**Data shown**

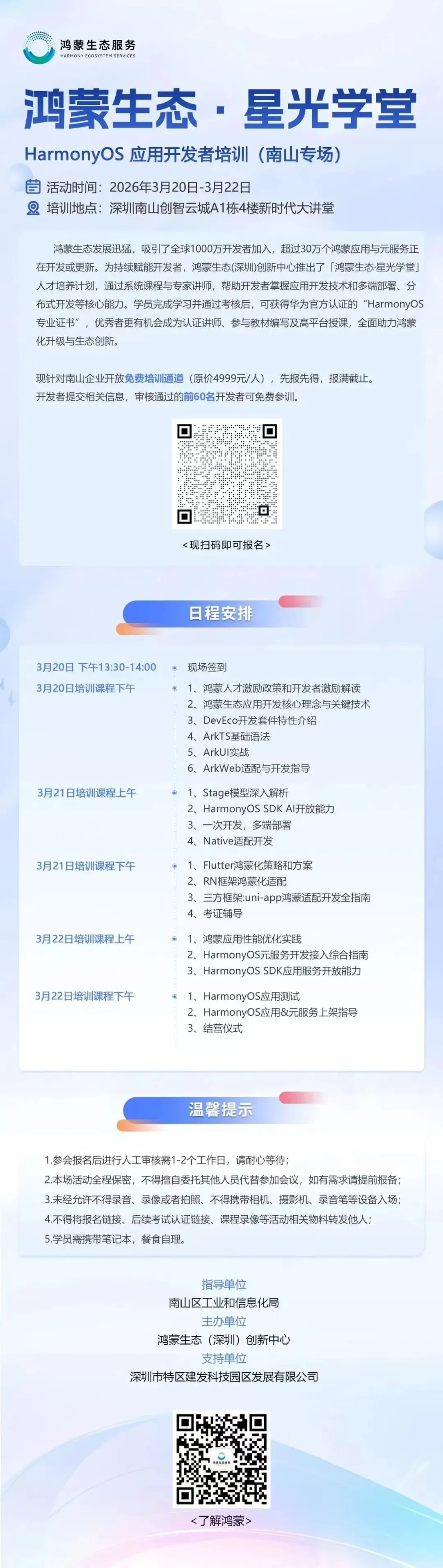 本周深圳迎来“高能周末”,从北大汇丰的AI思想盛宴,到免费的鸿蒙官方培训;从地缘政治下的投资策略,到儒家智慧的心灵栖所。小编为您精选了8场不容错过的活动,请查收这份周末日程表。① 鸿蒙生态·星光学堂:HarmonyOS应用开发者培训(南山专场)
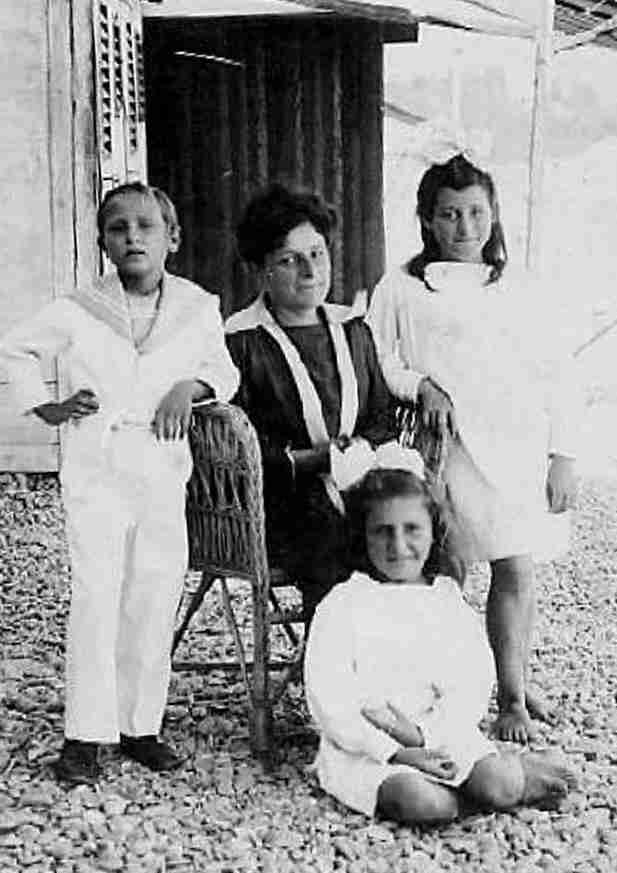 We have only limited information on Italian beachwear. A in other countrues, people commonly dressed up even at beach resorts. We do not see, however, nearly as many images of people wearing heavy suits to to beach. Of course the climate must have been a factor as Italy is much warmer than northern Europe. White sailor suits were very popular for boys in the early 20th century. White summer dresses were commonly worn by girls. Over time beachwear became increasingly more casual.in the early 20th century. Bathing costumes were similar to those wirn elsewhere in Europe. They were often done in wool. Horizontal stripes were very popular for beachwear. I believe it was seen as nautical. Italy was a poor country and many children could not afford actual bathing suits.
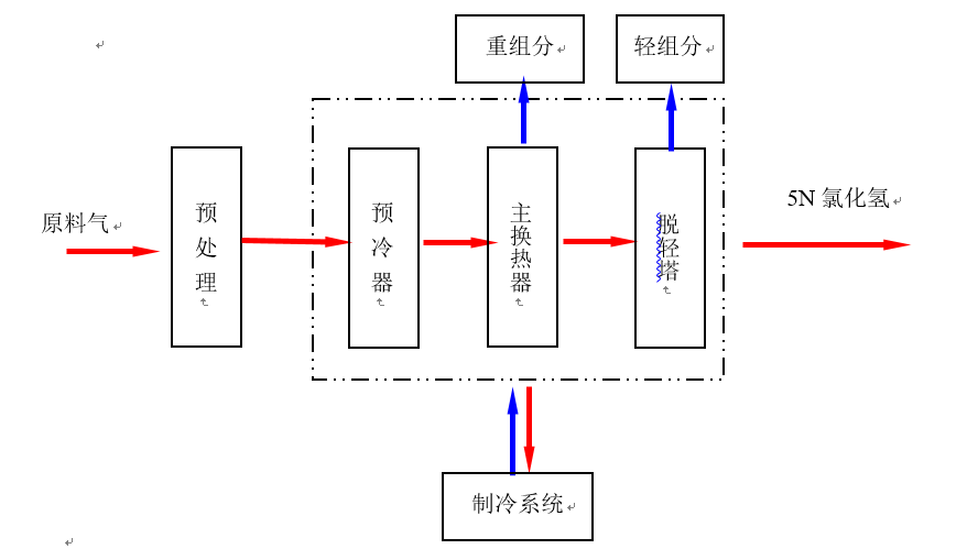 本装置的原料气为氯化氢,其中的杂质含量已经很低,为满足高 纯(5N)氯化氢的要求,预处理后的原料气进入深冷分离装置,经 过主换热器换热降温,至一定温度后进入脱重塔,脱除其中的重组分杂质;相继续冷却后进入脱轻精馏塔,通过精馏分离,塔顶采出以氢气、氮气、氯化氢为主的轻组分返回换热器复温出冷箱,塔底液相经过换热器过冷后成为 5N 级 HCL 产品。精馏塔的冷量分别由制冷 循环系统系统提供。脱重塔塔底液相及脱氢塔气相主要组分为 HCL,可返回原 3N 生产装置。

**About this task**
Copy the listing verbatim, omitting images.

**Finished task**
 本周深圳迎来“高能周末”,从北大汇丰的AI思想盛宴,到免费的鸿蒙官方培训;从地缘政治下的投资策略,到儒家智慧的心灵栖所。小编为您精选了8场不容错过的活动,请查收这份周末日程表。① 鸿蒙生态·星光学堂:HarmonyOS应用开发者培训(南山专场)
 We have only limited information on Italian beachwear. A in other countrues, people commonly dressed up even at beach resorts. We do not see, however, nearly as many images of people wearing heavy suits to to beach. Of course the climate must have been a factor as Italy is much warmer than northern Europe. White sailor suits were very popular for boys in the early 20th century. White summer dresses were commonly worn by girls. Over time beachwear became increasingly more casual.in the early 20th century. Bathing costumes were similar to those wirn elsewhere in Europe. They were often done in wool. Horizontal stripes were very popular for beachwear. I believe it was seen as nautical. Italy was a poor country and many children could not afford actual bathing suits.
 本装置的原料气为氯化氢,其中的杂质含量已经很低,为满足高 纯(5N)氯化氢的要求,预处理后的原料气进入深冷分离装置,经 过主换热器换热降温,至一定温度后进入脱重塔,脱除其中的重组分杂质;相继续冷却后进入脱轻精馏塔,通过精馏分离,塔顶采出以氢气、氮气、氯化氢为主的轻组分返回换热器复温出冷箱,塔底液相经过换热器过冷后成为 5N 级 HCL 产品。精馏塔的冷量分别由制冷 循环系统系统提供。脱重塔塔底液相及脱氢塔气相主要组分为 HCL,可返回原 3N 生产装置。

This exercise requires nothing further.